Data shown

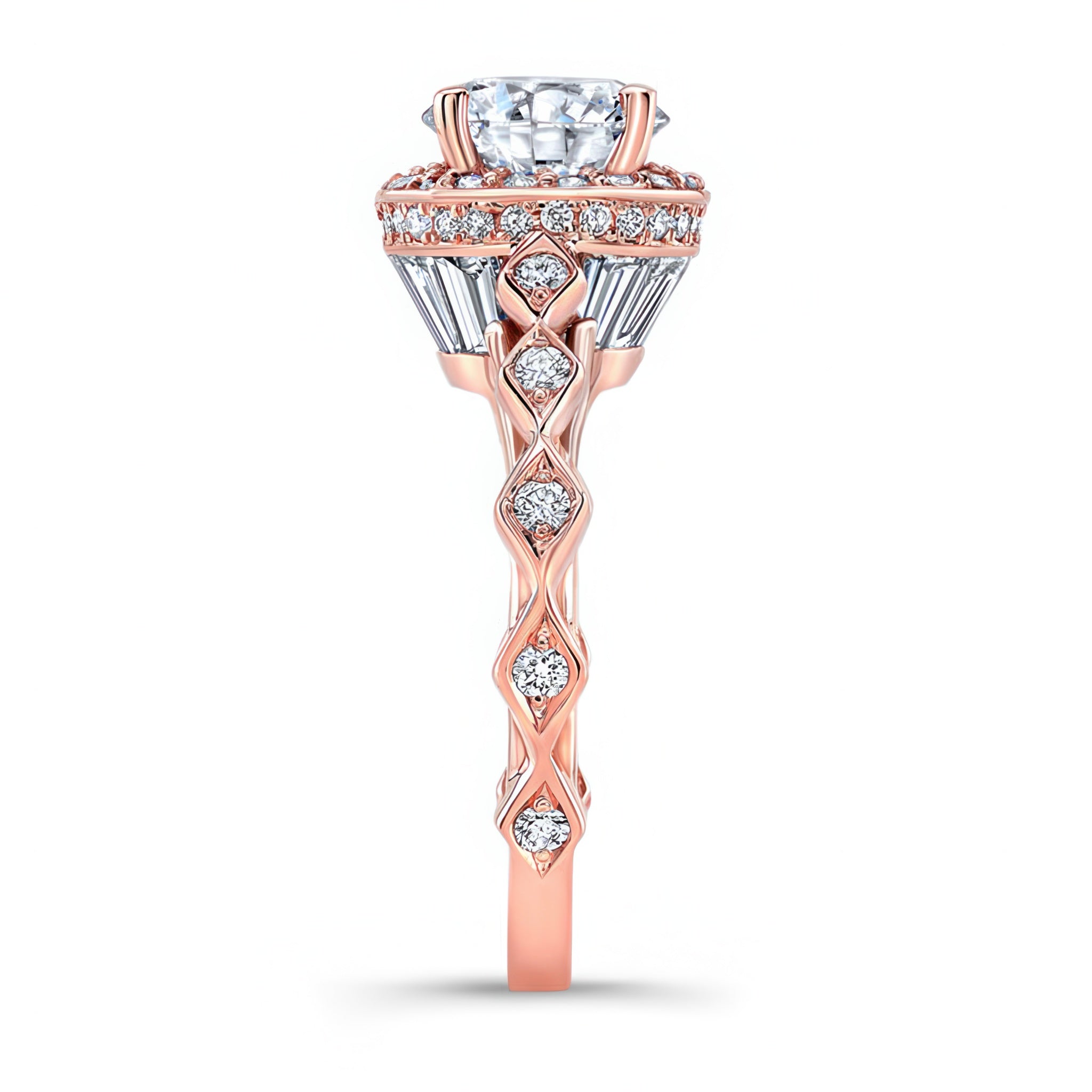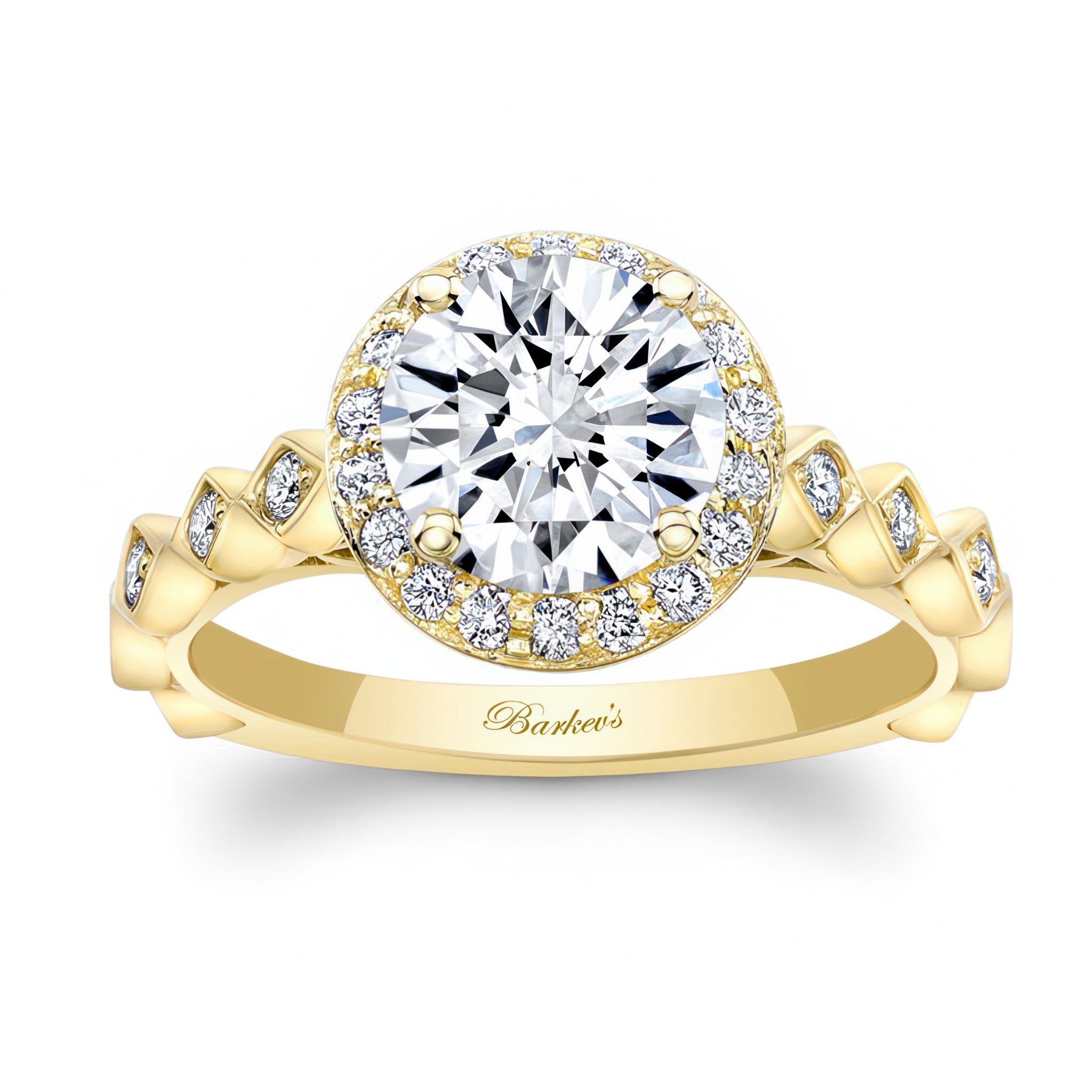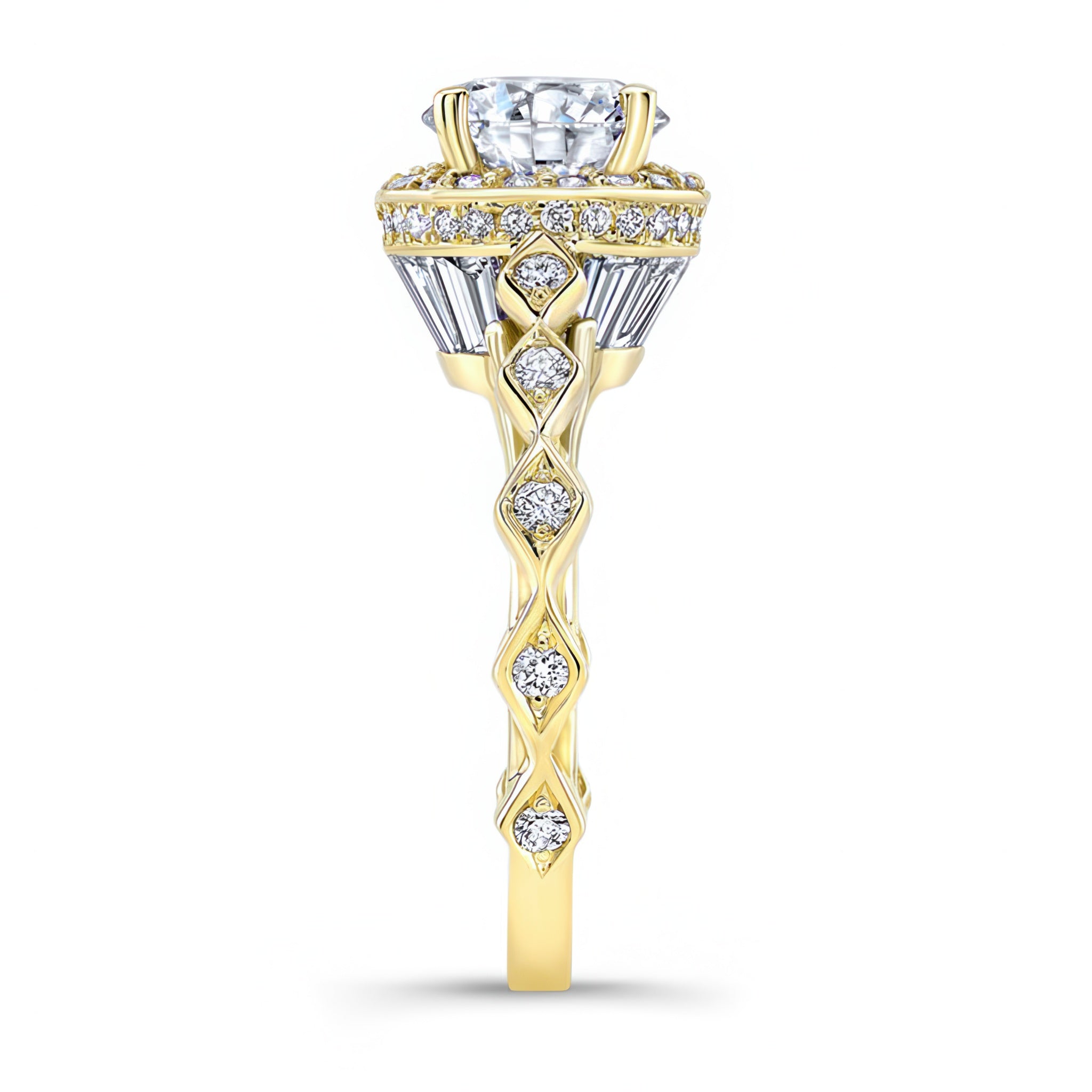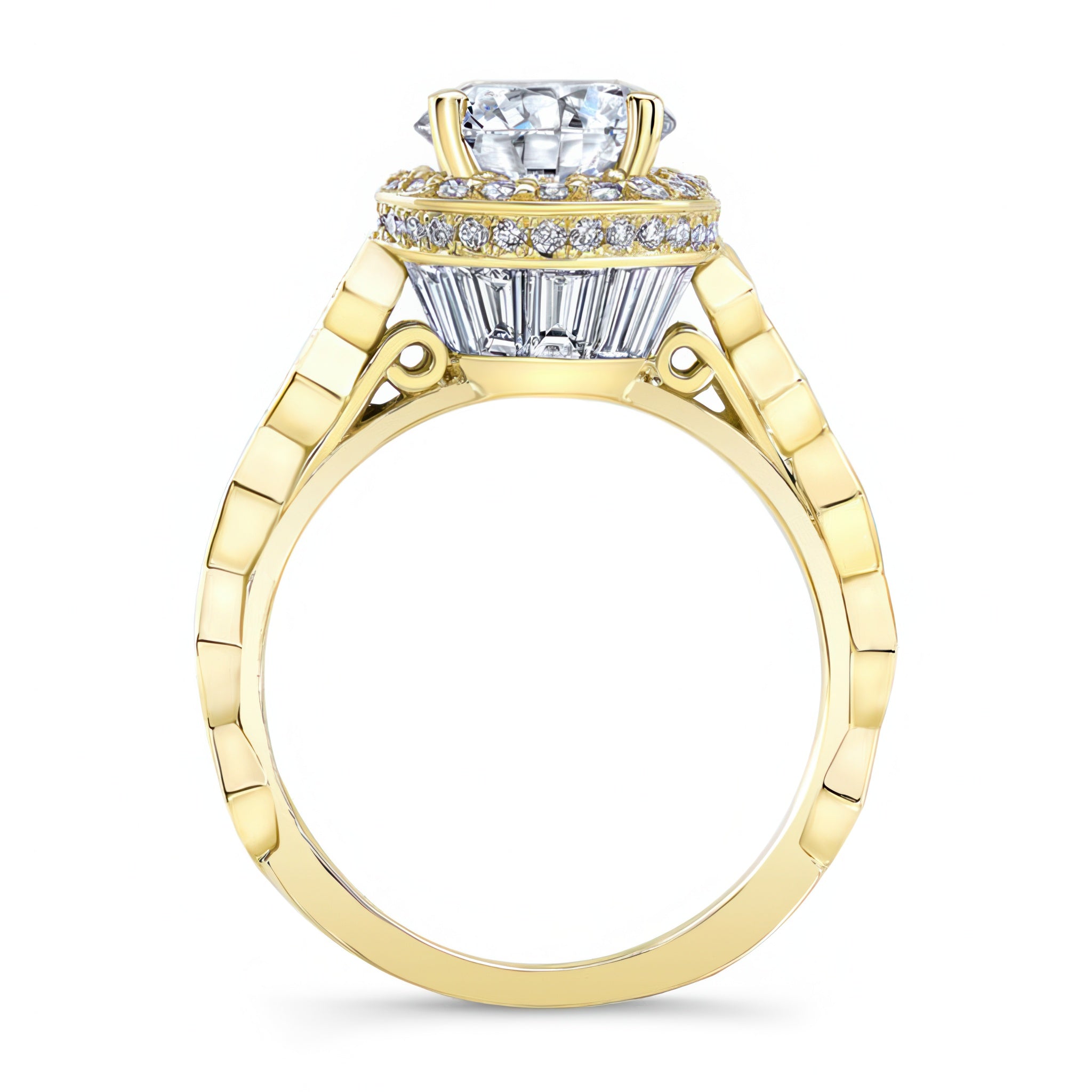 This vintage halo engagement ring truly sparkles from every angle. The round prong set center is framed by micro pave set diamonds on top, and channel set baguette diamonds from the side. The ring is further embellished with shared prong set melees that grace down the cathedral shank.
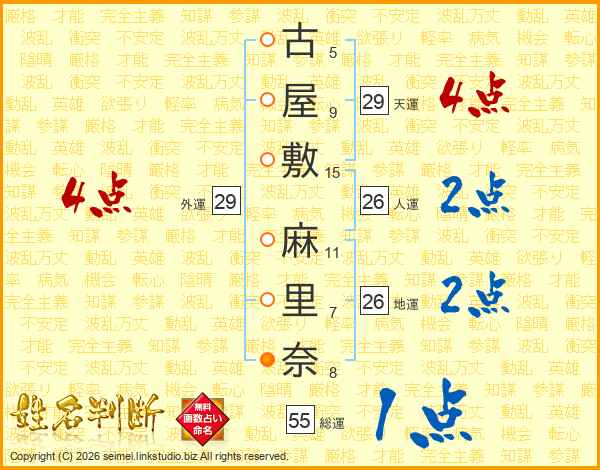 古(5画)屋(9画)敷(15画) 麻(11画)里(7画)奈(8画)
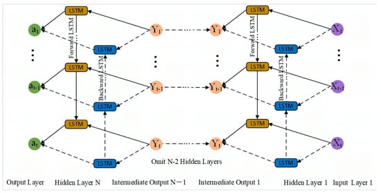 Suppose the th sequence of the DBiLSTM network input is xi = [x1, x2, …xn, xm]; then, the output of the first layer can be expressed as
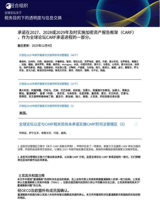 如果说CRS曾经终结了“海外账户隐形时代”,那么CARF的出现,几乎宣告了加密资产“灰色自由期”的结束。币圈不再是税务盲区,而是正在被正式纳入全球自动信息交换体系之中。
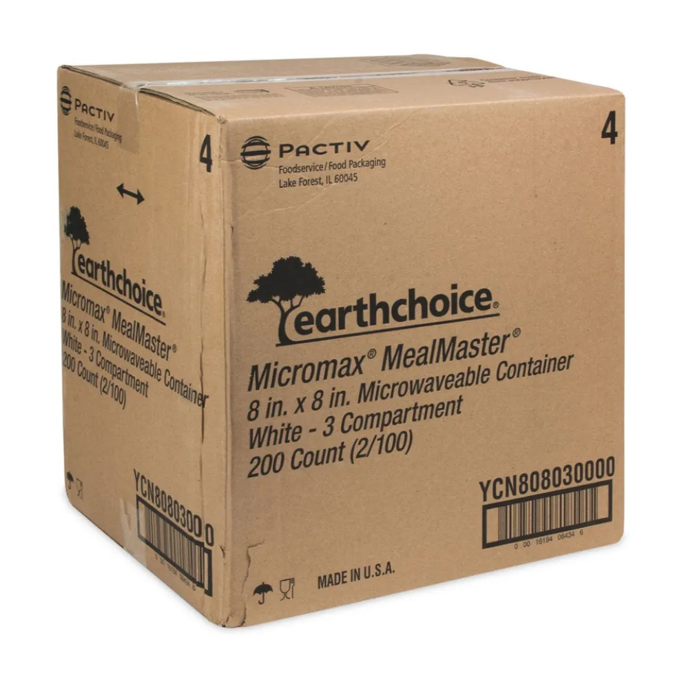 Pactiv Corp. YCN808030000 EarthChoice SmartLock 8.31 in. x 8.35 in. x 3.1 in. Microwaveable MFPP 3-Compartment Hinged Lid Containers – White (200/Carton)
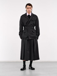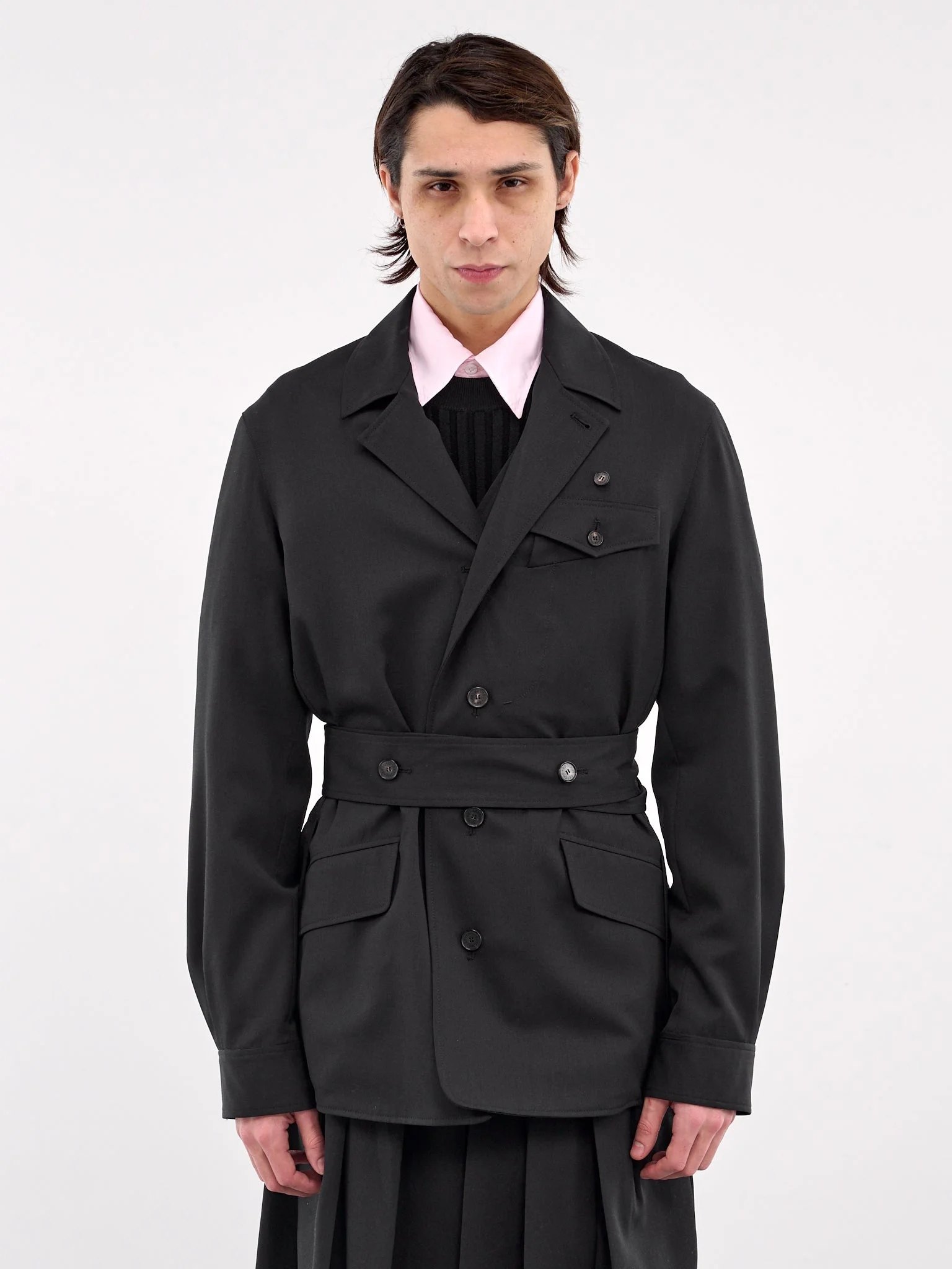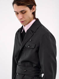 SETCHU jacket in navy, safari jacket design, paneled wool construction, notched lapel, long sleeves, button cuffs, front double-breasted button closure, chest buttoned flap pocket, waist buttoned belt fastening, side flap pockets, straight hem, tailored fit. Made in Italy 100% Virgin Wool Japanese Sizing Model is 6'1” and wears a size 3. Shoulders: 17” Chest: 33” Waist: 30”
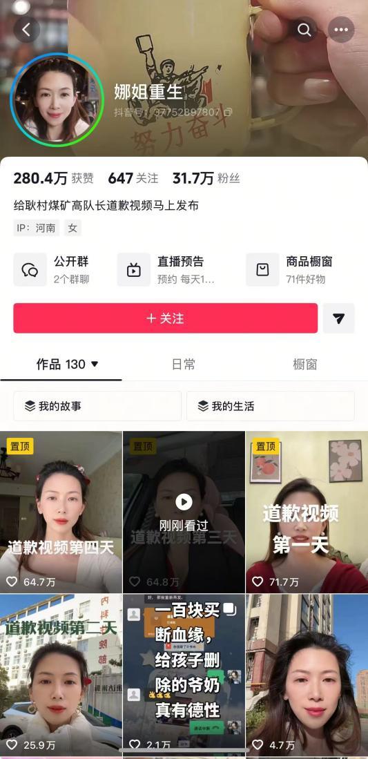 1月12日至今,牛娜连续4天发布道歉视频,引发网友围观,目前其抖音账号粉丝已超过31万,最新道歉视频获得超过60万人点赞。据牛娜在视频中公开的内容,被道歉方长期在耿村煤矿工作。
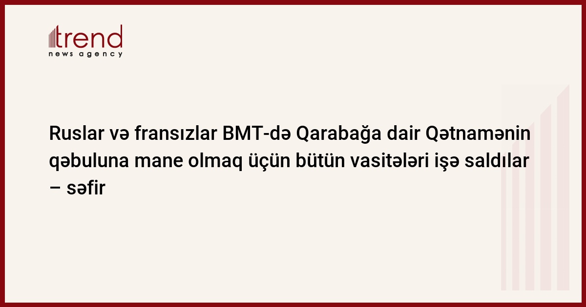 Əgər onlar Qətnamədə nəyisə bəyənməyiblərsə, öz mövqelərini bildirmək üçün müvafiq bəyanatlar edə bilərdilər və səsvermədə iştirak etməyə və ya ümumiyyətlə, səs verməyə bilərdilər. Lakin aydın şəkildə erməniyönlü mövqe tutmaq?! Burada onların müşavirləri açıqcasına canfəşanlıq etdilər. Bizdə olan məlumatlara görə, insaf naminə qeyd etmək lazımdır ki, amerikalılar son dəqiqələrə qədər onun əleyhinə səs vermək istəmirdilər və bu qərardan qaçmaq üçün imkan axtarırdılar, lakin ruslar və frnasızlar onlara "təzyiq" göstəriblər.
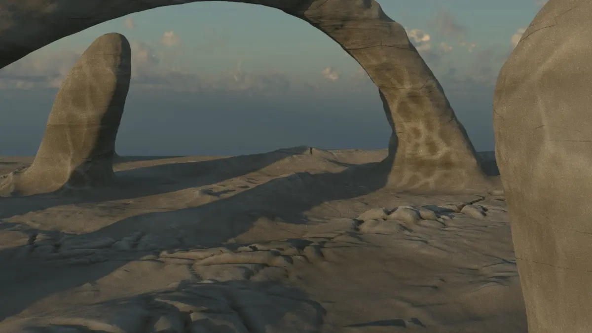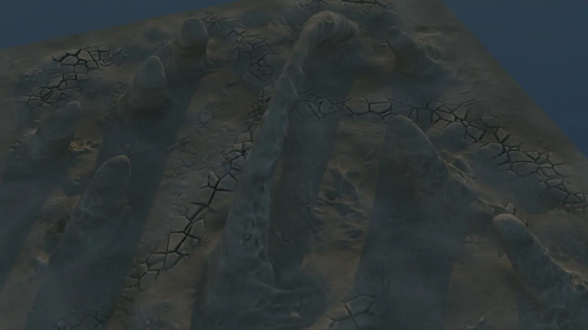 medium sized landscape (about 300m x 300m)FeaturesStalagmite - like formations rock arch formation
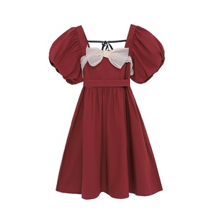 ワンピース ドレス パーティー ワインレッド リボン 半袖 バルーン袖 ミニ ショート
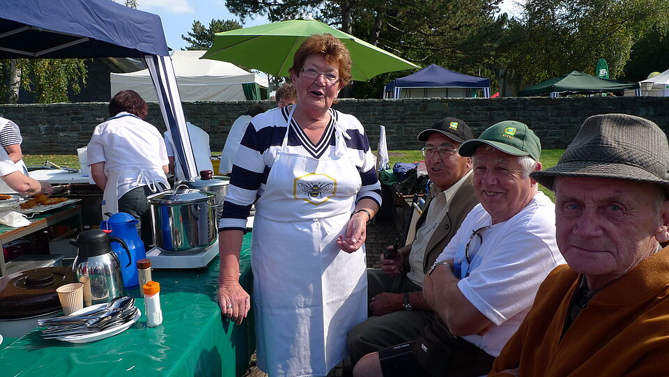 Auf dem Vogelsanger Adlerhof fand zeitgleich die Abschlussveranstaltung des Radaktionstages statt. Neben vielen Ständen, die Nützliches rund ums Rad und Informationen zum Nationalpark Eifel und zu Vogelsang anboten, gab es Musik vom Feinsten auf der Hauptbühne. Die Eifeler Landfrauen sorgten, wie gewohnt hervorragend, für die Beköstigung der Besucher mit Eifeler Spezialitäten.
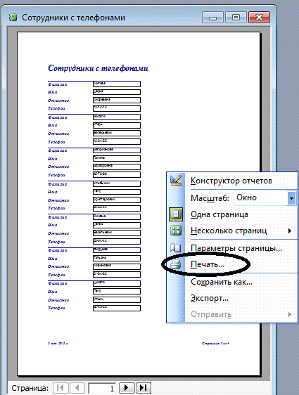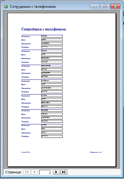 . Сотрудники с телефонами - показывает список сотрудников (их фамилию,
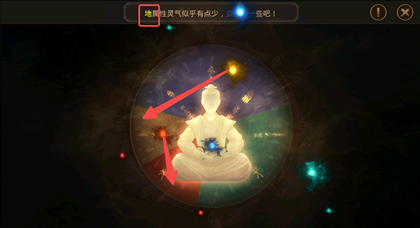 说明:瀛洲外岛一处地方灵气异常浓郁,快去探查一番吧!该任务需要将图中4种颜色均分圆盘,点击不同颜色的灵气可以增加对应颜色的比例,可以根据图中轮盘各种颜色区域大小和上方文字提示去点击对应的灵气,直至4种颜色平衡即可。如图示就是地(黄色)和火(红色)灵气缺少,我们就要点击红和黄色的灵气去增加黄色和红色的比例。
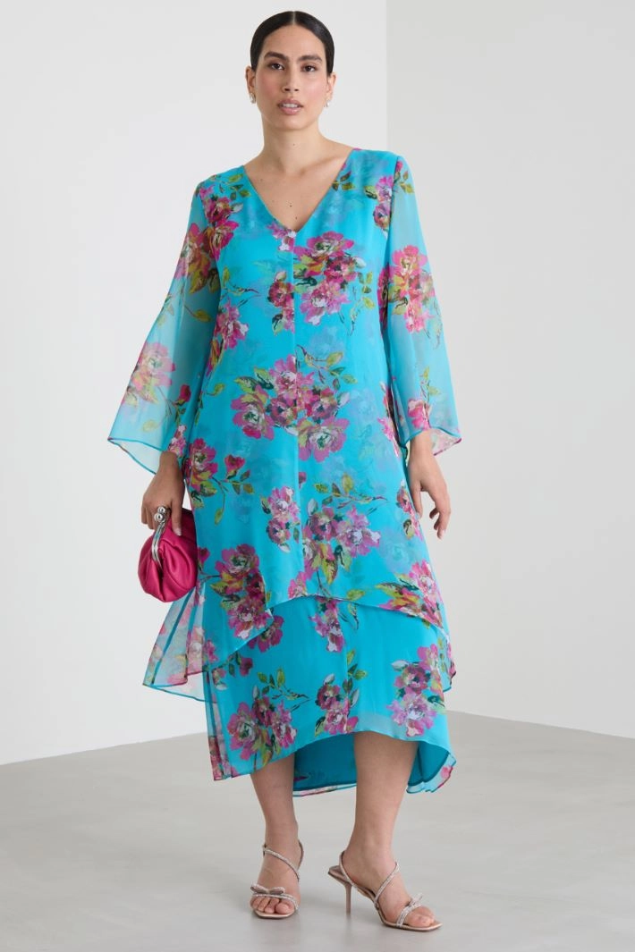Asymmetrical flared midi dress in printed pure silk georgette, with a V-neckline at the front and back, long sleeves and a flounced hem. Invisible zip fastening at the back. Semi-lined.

Aim of the task
Each line from the first line of the listing through the line with "Pactiv Corp. YCN808030000" must be printed exactly, both ends included, and no picture may appear.

Result
 This vintage halo engagement ring truly sparkles from every angle. The round prong set center is framed by micro pave set diamonds on top, and channel set baguette diamonds from the side. The ring is further embellished with shared prong set melees that grace down the cathedral shank.
 古(5画)屋(9画)敷(15画) 麻(11画)里(7画)奈(8画)
 Suppose the th sequence of the DBiLSTM network input is xi = [x1, x2, …xn, xm]; then, the output of the first layer can be expressed as
 如果说CRS曾经终结了“海外账户隐形时代”,那么CARF的出现,几乎宣告了加密资产“灰色自由期”的结束。币圈不再是税务盲区,而是正在被正式纳入全球自动信息交换体系之中。
 Pactiv Corp. YCN808030000 EarthChoice SmartLock 8.31 in. x 8.35 in. x 3.1 in. Microwaveable MFPP 3-Compartment Hinged Lid Containers – White (200/Carton)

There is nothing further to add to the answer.